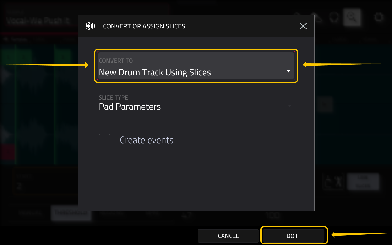 7. In the pop-up window, you will be given the option New Drum Track Using Slices; select Do It.
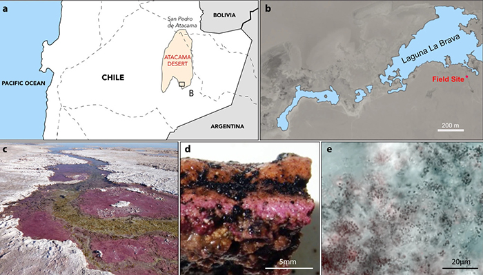 研究团队在Laguna La Brava上发现呼吸砷的微生物。。(图/communications
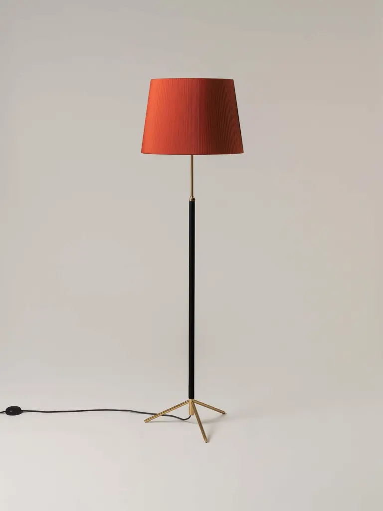 Red and brass pie de Salón G1 floor lamp by Jaume Sans.Dimensions: D 45 x H 120-160 cm.Materials: Metal, leather, ribbon.Available in chrome-plated or polished brass structure.Available in other shade colors and sizes.This slender synthesis of traditional lamps is a sparkle of timeless elegance created in a context of the avant-garde. The combination of materials with its symmetrical, leather-wrapped centre shaft, its choice of three shade materials and eight colour options make it a paradigm of industrial craftsmanship.Height adjustable lampshade.Dimmer included.Santa & Cole is a small, independent and global editor of design products, with its roots in Belloch (Barcelona, Spain). We have been editing since 1985, when the company was first founded. By editing we mean preparing a work for the public domain, we mean adapting an item for everyone’s use. What a book editor does with stories, we do with objects.More than eighty creators have contributed to a rich catalogue of furniture and lighting products originating in very different contexts, by renowned designers such as Antoni Arola, Miguel Milá, André Ricard and llmari Tapiovaara.Acute and attentive to quality and detail, Santa & Cole outsources all of its industrial production to an extensive network of suppliers, mainly in Spain, but also in other countries such as Japan, where the washi paper for our Tekiò lamp is made.Our mission is to build, safeguard and disseminate knowledge through design objects. Objects whose quality is recognisable at the touch of a hand, and that enrich people’s lives, whether at home or in shared environments. Our philosophy is more modern than futurist and we are more intrigued by silence than by stridency.Our focus is not the present market, but the future one; not Barcelona, but the world; not fashion, but history.All our lamps can be wired according to each country. If sold to the USA it will be wired for the USA for instance.
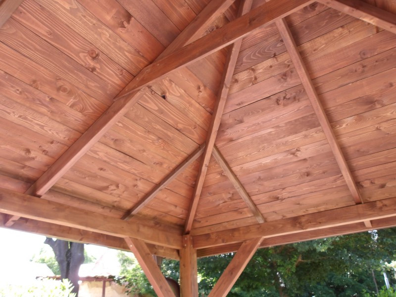 Všechny dřevěné části altánu Corfu byly na naší lakovně nejprve impregnovány a následně opatřeny dvěma vrstvami tenkovrstvé lazury Xyladecor Classic HP, která zvýraznila krásnou strukturu modřínu a zároveň poskytuje vysokou ochranu před povětrnostními vlivy.
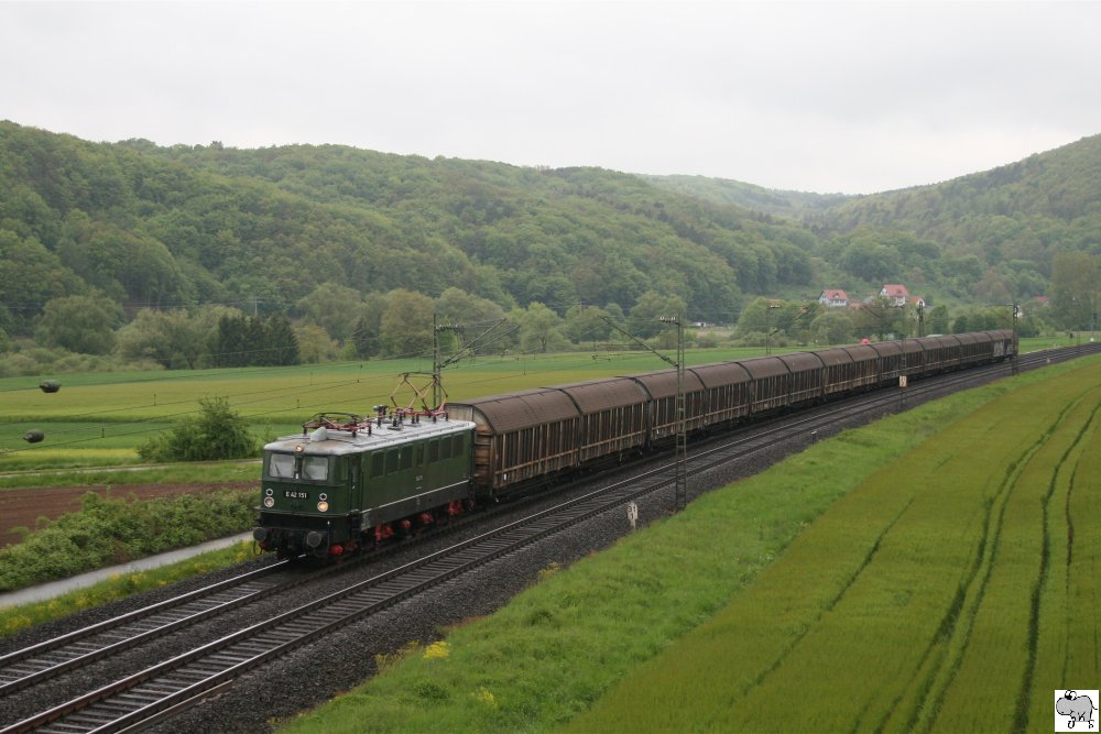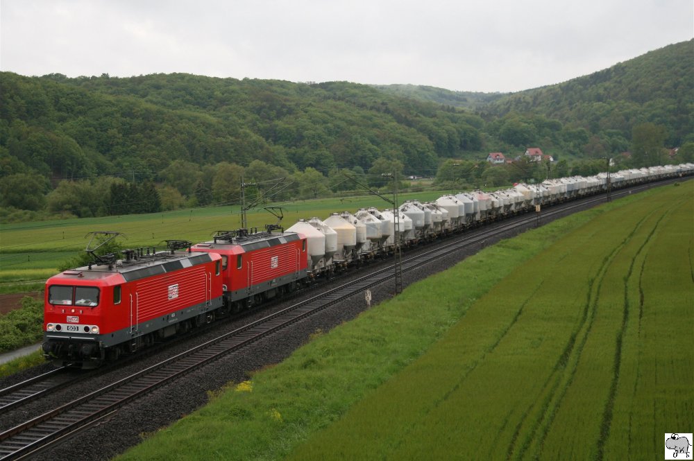Am Abend des 30. Juni 2010 befördern je eine 155, eine 185 und eine 151 (am Zugschluß schiebend, nicht im Bild) einen Selbstentladewagen-Ganzzug über das Trogenbachviadukt in Ludwigstadt bergaufwärts in Richtung Süden. Ulrich Slovig
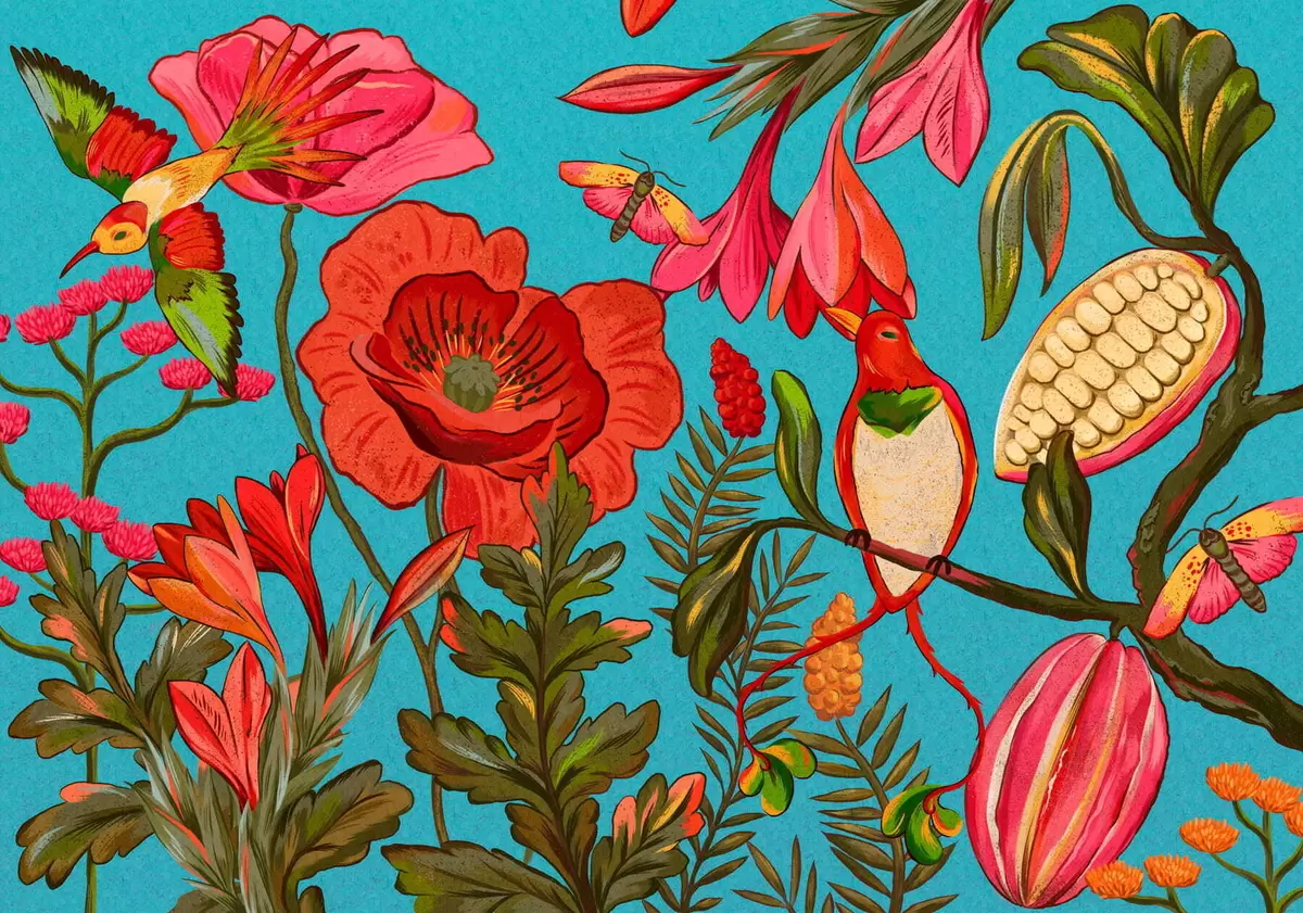 Fototapet Flori decorative și păsări pe fundal albastru Nr. w05036v3
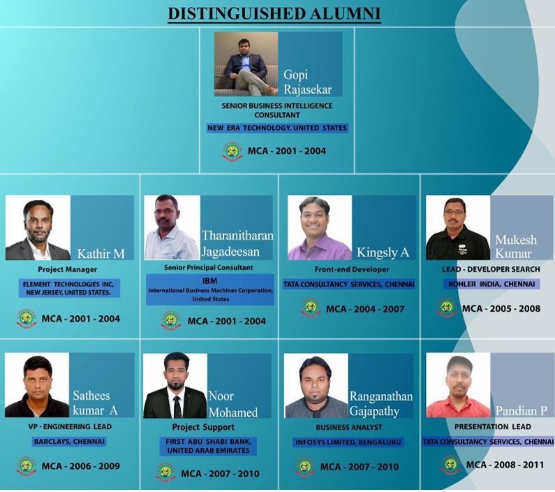 - In pursuit of college vision and mission, the department had taken new initiatives in order to achieve improved educational practice to help students to reach their academic and career goals. By which University rank holders has been made possible for the last 11 years by the department. MCA department stand First in University results in our zone.

* * *

[Task details]:
Print the data above from its first line through the line that has "研究团队在Laguna La Brava上发现呼吸砷的微生物。。(图/communications", exactly and with nothing else, omitting pictures.

[Solution to this exercise]:
 7. In the pop-up window, you will be given the option New Drum Track Using Slices; select Do It.
 研究团队在Laguna La Brava上发现呼吸砷的微生物。。(图/communications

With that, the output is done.